Let $a$ be some complex number. I have to solve equation

$$z^4=a^{16}$$

One is tempted to "simplify" it to $z=a^4$, so it is the solutions. But somebody told me, there are more solutions than that. Is it true and why? It seems counterintuitive.

Micah
  • 38,108
  • 15
  • 85
  • 133
adm34
  • 45
  • Hint: even within real numbers there would be two square roots. Add to that that square roots of negative numbers are now allowed within complex numbers – Miguel Sep 11 '15 at 16:04
  • 2
    $(z-a^4)(z+a^4)(z^2+a^8)$ –  Sep 11 '15 at 16:07

3 Answers3

4

Yes, there are more solutions than that.
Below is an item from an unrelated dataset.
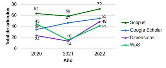 El tema de investigación se encuentra activo, esto se pudo apreciar con el análisis de la cantidad de trabajos recuperados de las cuatro bases de datos bibliográficas, que fueron publicados en los últimos tres años donde se enmarcó el estudio (del 2020 al 2022). Como se muestra en la Figura 1, correspondieron 195 que representan un 68,42% del total recuperado con Scopus, 137 para un 55,69% con Google Académico, 87 que representan un 27,88% con Dimensions y 102 que representan un 30,45% con Web of Science. El comportamiento muestra una ligera desaceleración de publicaciones en 2021, con un total de 136 artículos publicados, frente a los 168 que tuvieron lugar en el 2020, esto puede deberse a la pandemia de COVID-19.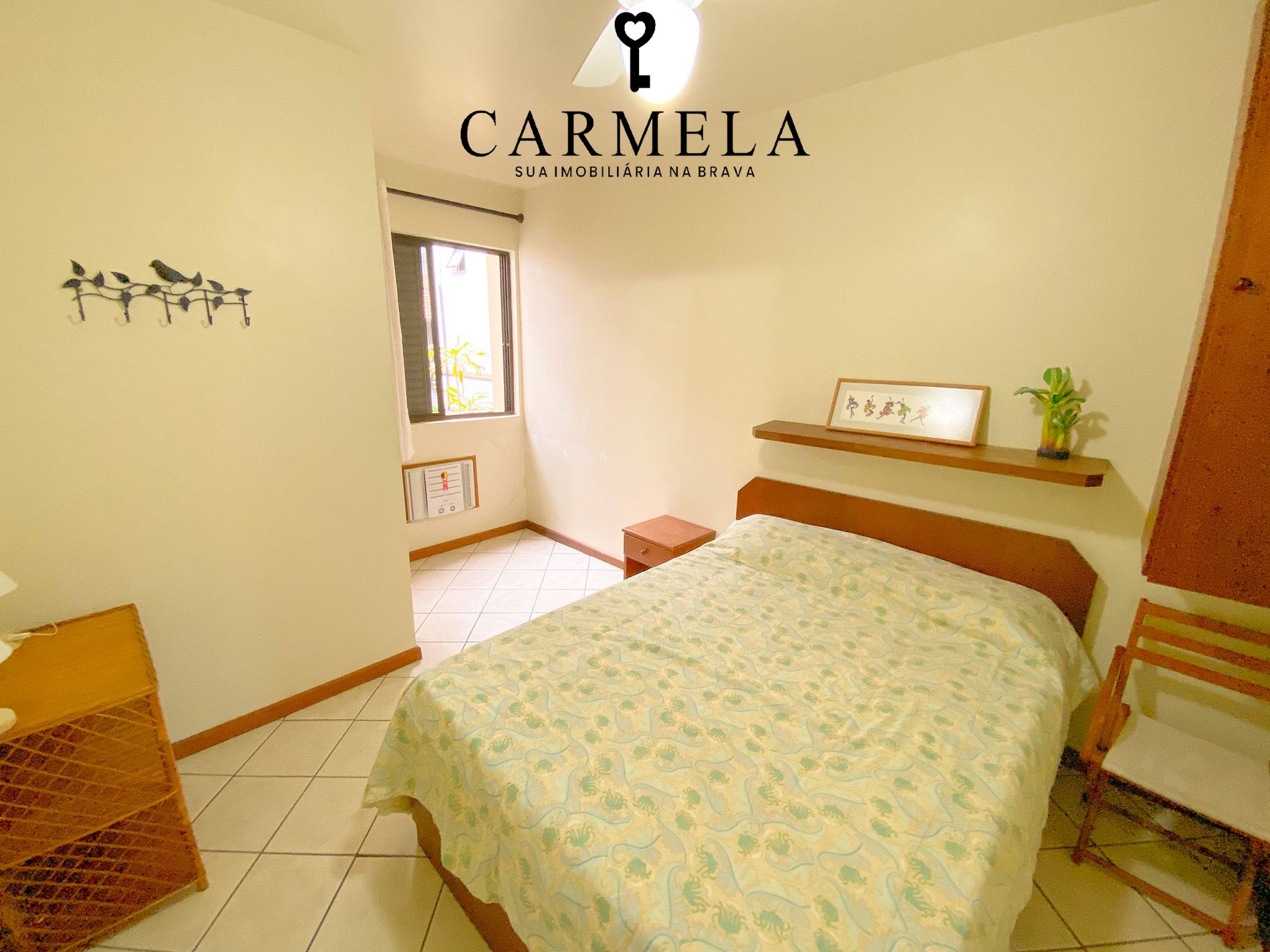 1º dormitório em suíte com cama de casal, ventilador de teto e ar condicionado.

To see that concretely, suppose $a=1$. Then your original equation is $$ z^4 = 1 $$ which has the solutions $\{1,-1,i,-i\}$, but if you rewrite it to $z=1$, you will have lost three of the solutions.

What you can do is rewrite $z^4=a^{16}$ to $$ z=ka^4 \text{ for some }k\text{ with }k^4=1\text{, that is, }k\in\{1,-1,i,-i\} $$ which gives you four separate equations to solve as you plug the possible $k$s in.

0

Note that every $a \in \mathbb{C}$ can be written as $a = re^{i\varphi}$, hence your equation delivers

$$z^4 = r^{16} e^{16i\varphi}$$

The complex roots are given by

$$z^n = re^{i\varphi} \implies z_k = r^{\frac{1}{n}}e^{i\left( \frac{\varphi}{n} + \frac{2\pi k}{n}\right)} \qquad k=0,\dots,n-1$$

So you have $n$ solutions for the $n^{\text{th}}$ complex root. In your case

\begin{align*} z_0 &= r^4 e^{i\left( \frac{16\varphi}{4} + 0 \right)} = \left( r, \varphi \right) = \left( r^4, 4\varphi \right)\\ z_1 &= r^4 e^{i\left( \frac{16\varphi}{4} + \frac{2\pi}{4} \right)} = \left( r, \varphi \right) = \left( r^4, 4\varphi + \frac{\pi}{2} \right)\\ z_2 &= r^4 e^{i\left( \frac{16\varphi}{4} + \frac{4\pi}{4} \right)} = \left( r, \varphi \right) = \left( r^4, 4\varphi + \pi \right)\\ z_3 &= r^4 e^{i\left( \frac{16\varphi}{4} + \frac{6\pi}{4} \right)} = \left( r, \varphi \right) = \left( r^4, 4\varphi + \frac{3\pi}{2} \right)\\ \end{align*}

root
  • 1,134
0

We see that $16/4 = 4$, so we can substitute $t = a^4$, then we can rewrite $$z^4 = a^{16} \Leftrightarrow z^4 = t^4$$ This has the solutions Henning described above, the four roots of unity: $\{1,i,-1,-i\} $ times $t$. Just to give some clarity as why it works.

mathreadler
  • 25,824